Definition: autonomous/cognitive system – A/C-system (German: autonom/kognitives System, A/K-System)

“is a technical system that is able to generate autonomous and cognitive behavior. Within the context of this AR an A/C-system is part of a solution.

The term autonomous/cognitive system and especially the German variant “autonom/kognitives System” is a new term, a made-up word coined by this AR. It denotes the special characteristic of complex systems in complex environments (covered by the solution level), trustworthiness aspects and potentially but not necessarily the use of AI in one or more elements of the system. Furthermore it takes into account the common use of “autonomous” in the public along with the expectations on complex behavior of such systems (e.g. in a shop one would rather order an “autonomous car” than a “fully automated car”).”

VDE-AR-E 2842-61-1, section 3.1.8

The standard does not define the property “autonomous” in quite the same way. But, in the context of the standard, “autonomous” means “without human control.” The standard also uses the terms “cognitive” and “cognitive loop” to describe situation-specific behavior.

As there are a very high number of situations that such systems have to be able to react to, “detailed programming” is usually not possible. Therefore, a lot of autonomous/cognitive systems use artificial intelligence techniques.

Conversely, however, not all systems that use AI are also AI systems and thus they are not all autonomous/cognitive systems. For example, software that uses AI to detect cancer on a CT image is not an AI system according to this definition.

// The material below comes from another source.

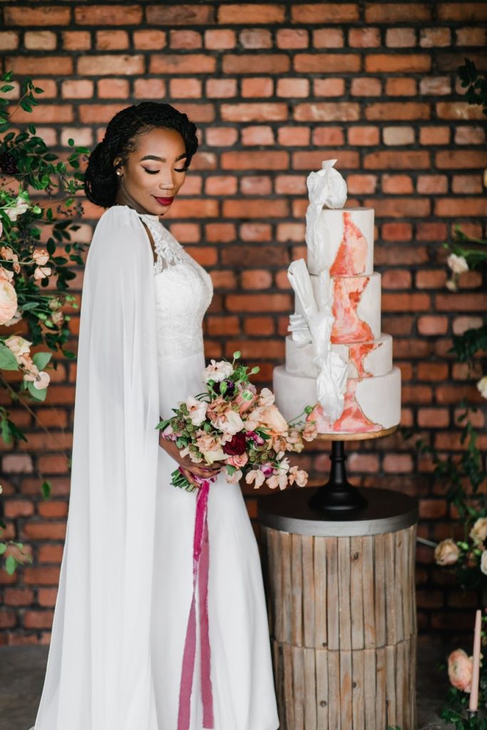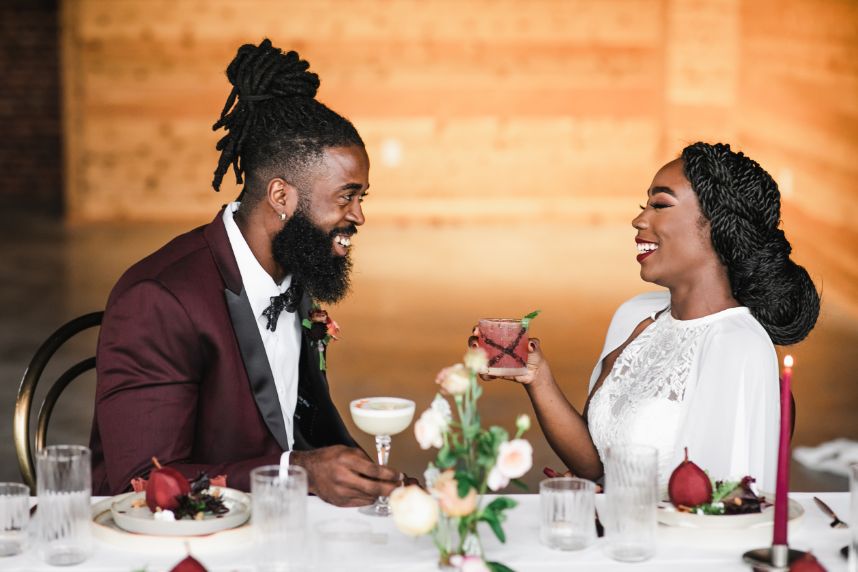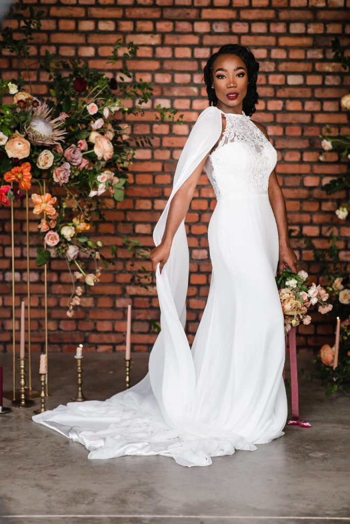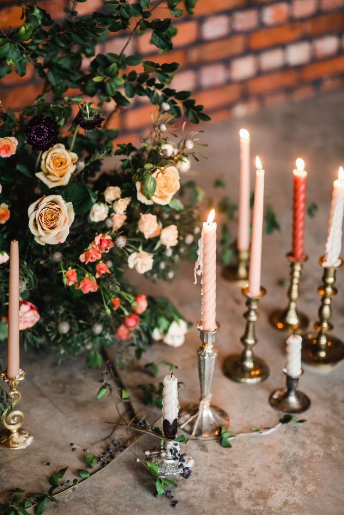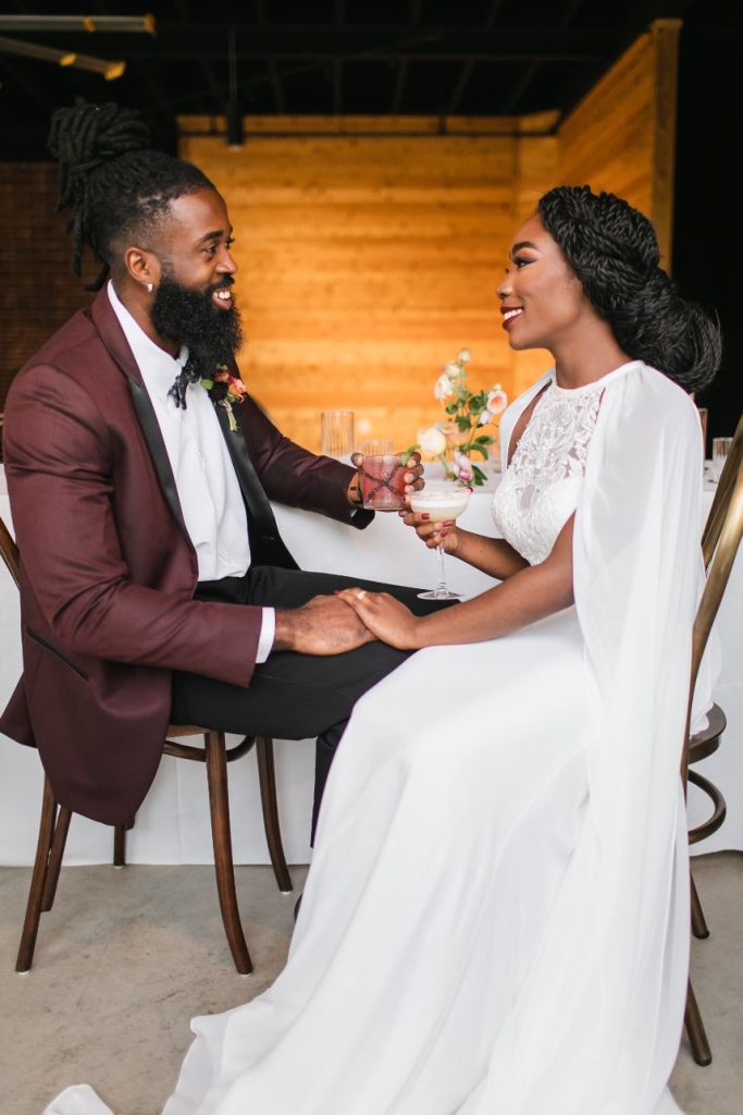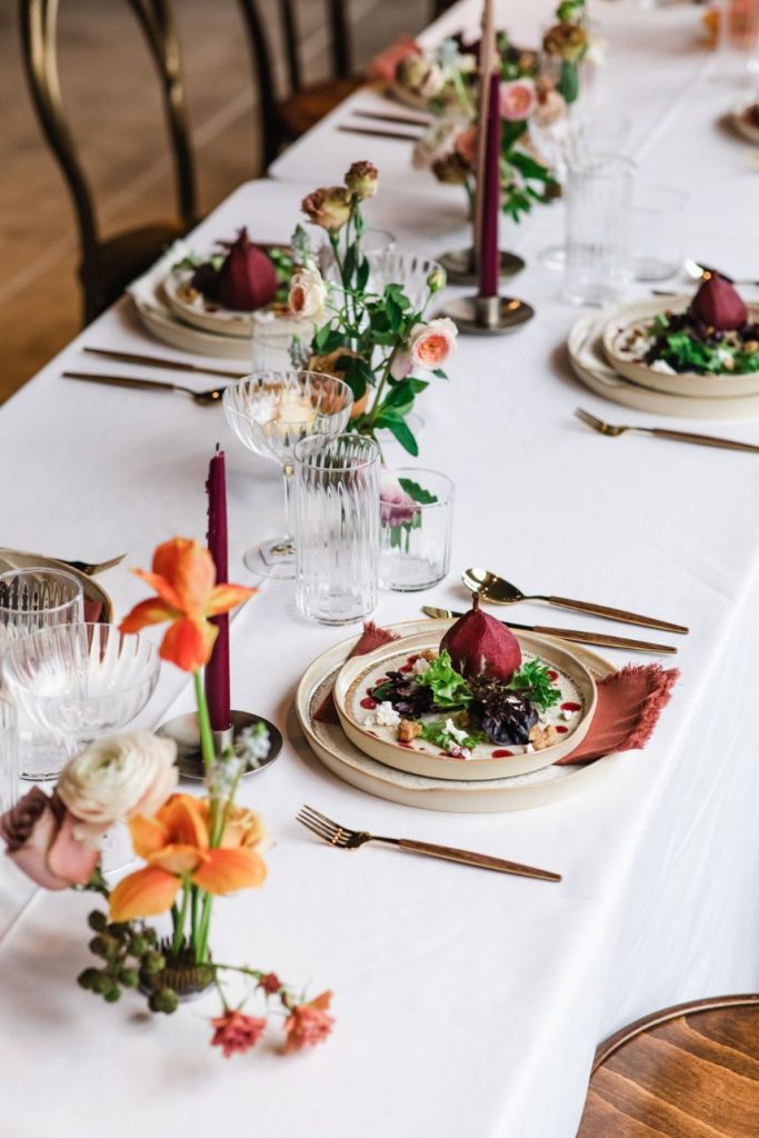 An abundance of florals paired with intimate, moody lighting is the recipe for some seriously unforgettable modern refined wedding inspiration – captured artfully by BLVD Photography! Salads, sips and sweets can be found among the organic linens of these tablescapes along with taper candles of elegant shapes and autumnal hues, scattered around frames in a whimsical and effortless manner to really set the mood. Beautiful, rustic wooden and opulent gold rentals from Swift + Company contrast perfectly with delicate petals in these romantic, woodland-esque scenes. This model looks absolutely radiant in an eclectic bridal look featuring the most incredible gown and cape combo we’ve ever seen from The Princess Bridal! There is so much obvious chemistry within the stunning scenes of this styled shoot and this modern pair looks so elegant together. Between the moody ambiance, the yummy-looking cocktails, and the bridal attire fit for the runway, we could never pick a favorite detail from this styled shoot! Keep scrolling to check it all out for yourself in this oh-so-romantic, refined wedding inspiration. Cheers!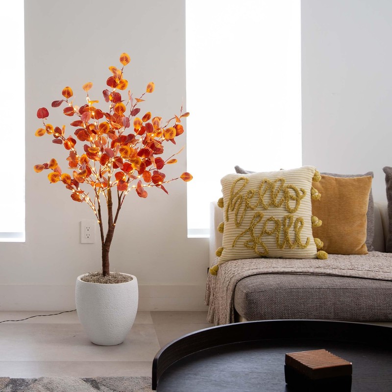 - SEASONAL DÉCOR ACCENT: One of the most beloved fall trees just got a magical update with lights. The autumn eucalyptus tree is back and better than ever. Inspired by the dreamy, picturesque season in Maine, it features smoky shades for a realistic touch. Crafted from high-quality materials, you can bend the branches to fit your space perfectly. Accented with 160 warm white, energy-efficient LED lights, this tree saves you time and money on decorating. You can display it with the lights on or off. Standing 4', including its nursery planter, you can also DIY and add it to your favorite planter. It will add enchantment to any space.

Fig. 1: Differentiation between autonomous/cognitive systems, AI systems and devices that use AI.

 Additional information

Read the article on autonomous systems to find out what the specific advantages and risks of such systems are and what regulatory requirements have to be complied with.

This article uses the term “AI system” from here on, as this is the more popular term and “AI systems” fall within the scope of VDE-AR-E 2842-61.

b) Examples of AI systems

Examples of AI systems include:

  • Disinfection robots, like the ones from XENEX
  • Robots that perform tasks in medical laboratories, such as the ones from ABB
  • Robot nurses and other robots in hospitals, for example, autonomous cooperative surgical robots that independently perform surgeries in full or in part and may even be used by non-medical professionals in the future (e.g., in remote areas)
  • Artificial digital pancreases

c) Trustworthiness

Trustworthiness should be understood here as a meta-term that covers safety, cybersecurity, effectiveness, usability, etc.

Trustworthiness […] combines several aspects of trustworthiness in a quite generic way: for every product the set of aspects can be suitably selected and remains unchanged throughout the project. Aspects of trustworthiness include but are not limited to system safety, functional safety, safety of use, security, usability, ethical and legal compliance, reliability, availability, maintainability, and (intended) functionality.

VDE-AR-E 2842-61-1 section 3.1.43

Fig. 2: Aspects of trustworthiness

2. Specific risks of AI systems

a) Risks of autonomous/cognitive systems (in general)

The article on autonomous systems has already detailed some of the risks that are specific to this class of system. These include risks resulting from:

  • The autonomy of the systems
  • Different technical contexts
  • Different clinical contexts
  • Adaptive algorithms
  • Lack of interoperability

There are also additional risks specific to AI systems, which are described in the following sections.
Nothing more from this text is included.